• Sonuç bulunamadı

Ne bulutlar gitti, ne padişahlardan bir haber geldi. Kemal Paşa derler bir yiğit vardı.

Bu sefer de millet türkülerle Kemal Paşaya haber saldı.

Kemal Paşa, yenilmez yiğit, şanlı komutan. Savaşa girer gibi yetiş bize!

Yetiş bize, çöllerde bile olsan! İnanç doldur, güç doldur içimize!

Bin kere yurdumuzu kurtaran! Bir görseydin ağlardın halimize!

Kuşun kanadında türküler Kemal Paşanın gönlüne vardı, Cevabından önce kendi geldi.

Bir gemi yanaştı Samsun’a sabaha karşı Selam durdu kayığı, çaparı, takası, Selam durdu tayfası.

Bir duman tüterdi bu geminin bacasından, bir duman Duman değildi bu!
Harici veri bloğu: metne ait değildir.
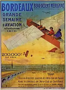 En 1910, une grande surface de landes est louée sur la commune de Mérignac, au lieu-dit Beau-Désert, afin d'y organiser une grande semaine d'aviation qui connut un grand succès. Pour y participer, le pilote péruvien Bielovucic réalise le premier vol Paris-Bordeaux : trois étapes en trois jours et sept heures.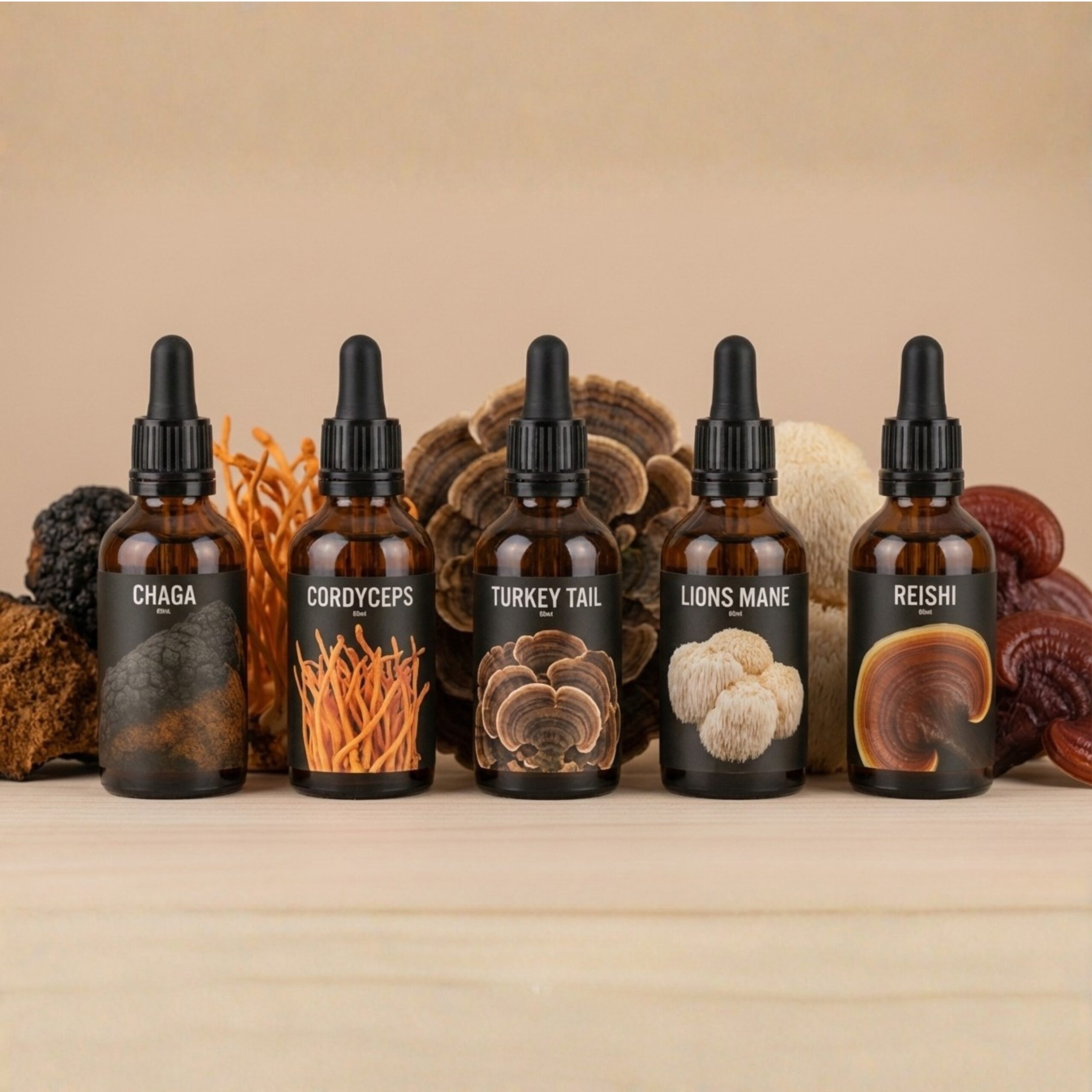 Explore the full spectrum of functional mushrooms with our complete set of dual-extracted tinctures: Lion’s Mane, Reishi, Cordyceps, Turkey Tail, and Chaga. Each targets a unique aspect of well-being — from mental clarity and stress resilience to immune support and cellular protection.

Memleketin uçup giden kaygılarıydı.

Samsun limanına bu gemiden atılan Demir değil!

Sarılan ana yurda

Kemal Paşanın kollarıydı.

Selam vererek Anadolu çocuklarına Çıkarken yüce komutan

Karadeniz’in halini görmeliydi. Kalkıp ayağa ardı sıra baktı dalgalar

Kalktı takalar,

İzin verseydi Kemal Paşa Ardından gürleyip giderlerdi, Erzurum’a kadar.

Bu ne inanç ki, Kemal Paşa Atının teri kurumadan

Sürüp geldin yeni yeni savaşların peşinde.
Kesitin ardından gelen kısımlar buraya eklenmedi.